Sebastian Szymański to wielka gwiazda ligi tureckiej. Polak latem zamienił Dynamo Moskwa na Fenerbahçe, gdzie miał za zadanie załatać lukę po odejściu Ardy Gülera.
Były zawodnik Legii Warszawa z marszu stał się kluczową postacią drużyny i teraz walczy z nią o mistrzostwo Turcji.
Znakomita postawa ofensywnego pomocnika nie przeszła bez echa wśród skautów najmocniejszych klubów. Do tej pory mówiono o nim między innymi w kontekście takich tuzów, jak Liverpool, Tottenham czy Napoli.
W Stambule uznano jednak, że Szymański nie będzie sprzedany do końca sezonu.

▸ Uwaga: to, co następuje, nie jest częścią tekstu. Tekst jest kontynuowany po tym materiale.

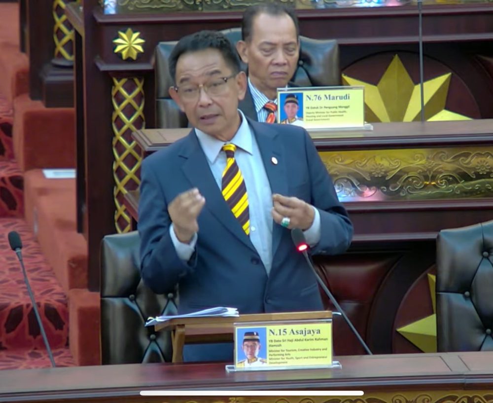 DATO Sri Abdul Karim Rahman Hamzah (Asajaya-GPS) ketika penggulungan pembahasan Rang Undang-Undang (RUU) Perlembagaan Negeri Sarawak (Pindaan) 2025 pada Mesyuarat Ketiga Penggal Keempat DUN Sarawak Ke-19, di Petra Jaya, hari ini. Foto UKAS

Nie przeszkodziło to jednak tajemniczemu przedstawicielowi Premier League, który według fotospor.com złożyłpropozycję za Polaka.
„Jego agent poprosił o przyjęcie tej oferty, ale władze klubu stwierdziły, że nie mogą na to przystać, ponieważ trwa walka o mistrzostwo” - czytamy.
Wspomniane źródło twierdzi dodatkowo, że 24-latek był zawiedziony, bo nie wiedział, „czy jeszcze kiedykolwiek dostanie ofertę od tak wielkiego klubu”. Turcy nie podali jednak konkretów „fortuny”, którą oferowali Anglicy.
Sebastian Szymański rozegrał w tym sezonie łącznie 39 meczów, a w nich miał 12 goli oraz 14 asyst.
Kontrakt wiąże go z obecnym zespołem do 30 czerwca 2027 roku.